Thursday, August 05, 2004

Planning as part of life

I'm switching over the ISP connection to a higher bandwidth which also means that I'll be switching IP addresses. This also means the slightly tricky business of moving the DNS server. I'm hosting my own DNS for some strange reason and I have to inform the NIC involved that my domain's DNS server has changed IP addresses. The tricky part comes in because I have only one DNS server but I have to move it and keep the older DNS setting alive for a while. Thanks goodness Linux is so 'not demanding'.
Took out an old Celeron PC with 32MB of RAM(!). Installed Linux on it and installed the bind package. Within a hour or so I have another server ready to do some light work. I configured it so that the Celeron DNS would host slave zones to the main DNS server for a while. Essentially it gets the settings and information about the zone from the main DNS server. After a while, I converted the slave zones to a normal or master zone. I configured the Celeron PC so that it took over the IP address off the main DNS server. The main DNS server was then transferred to use the newer IPs. Finally, I informed the NIC and they'll update their records accordingly.
What surprised me was not that I was able to set up another DNS server in record time but I spent more time planning than actually doing the job.
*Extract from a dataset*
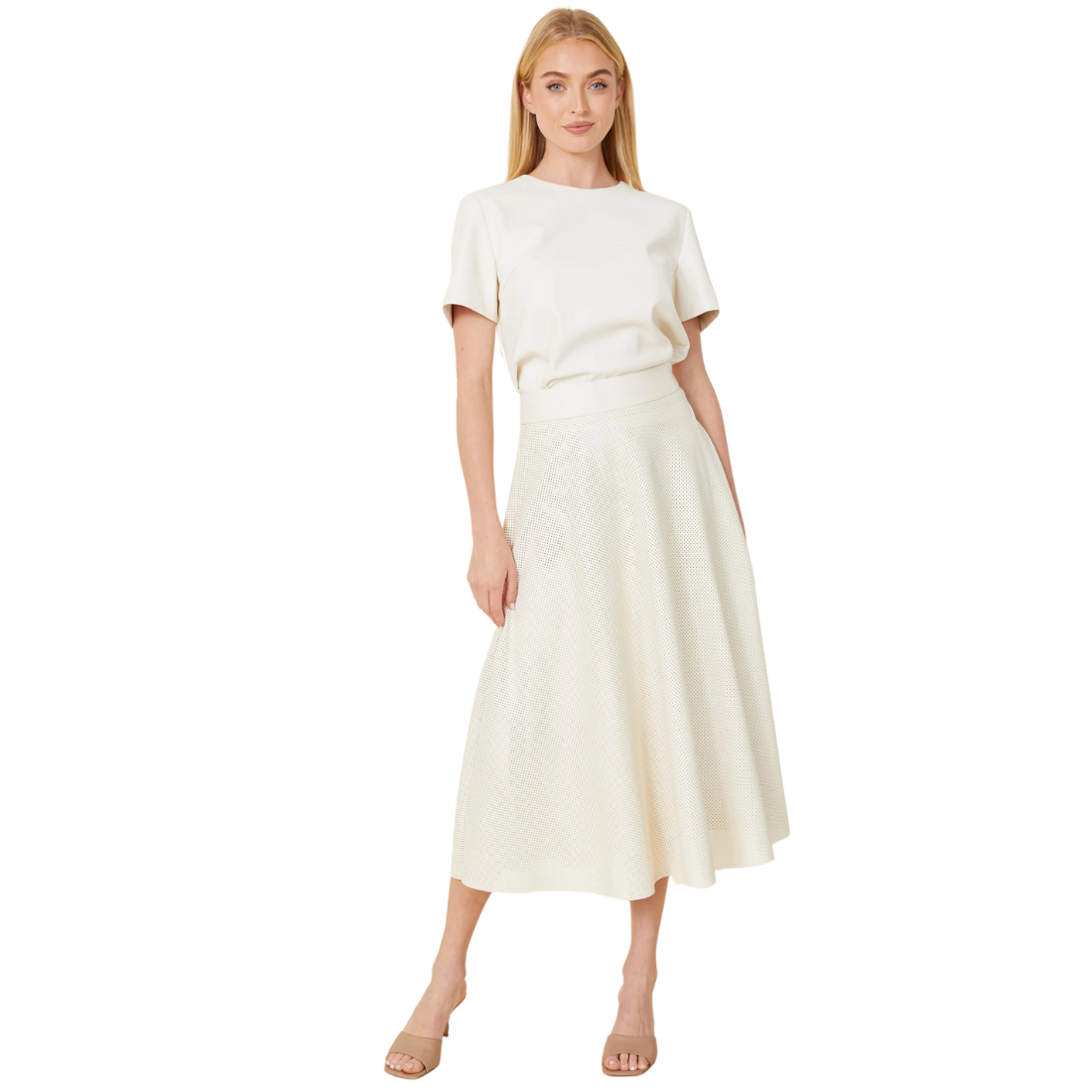 Dolce Cabo Perforated Long Skirt Creme

That is something I credit using Linux for, the tendency to plan stuff out ahead. Linux is extremely powerful and offers 1001 variations of everything. So choosing what to do is very important. It's not enough to decide to do something and just do it it. Ensuring that minimal disruption occurs and detected by the users is as important as achieving what I set out to achieve . Making sure that things can be undone if the goals achieved are not actually what they seem to be is also very important.
The overall concern shifts from whether "Can it be done and what tools do I need to buy to do them?" to "How can I do it using what I have or have to download from somewhere? How can I do it quietly without people feeling a thing." That may not be a paradigm shift but it sure is a shift for the better.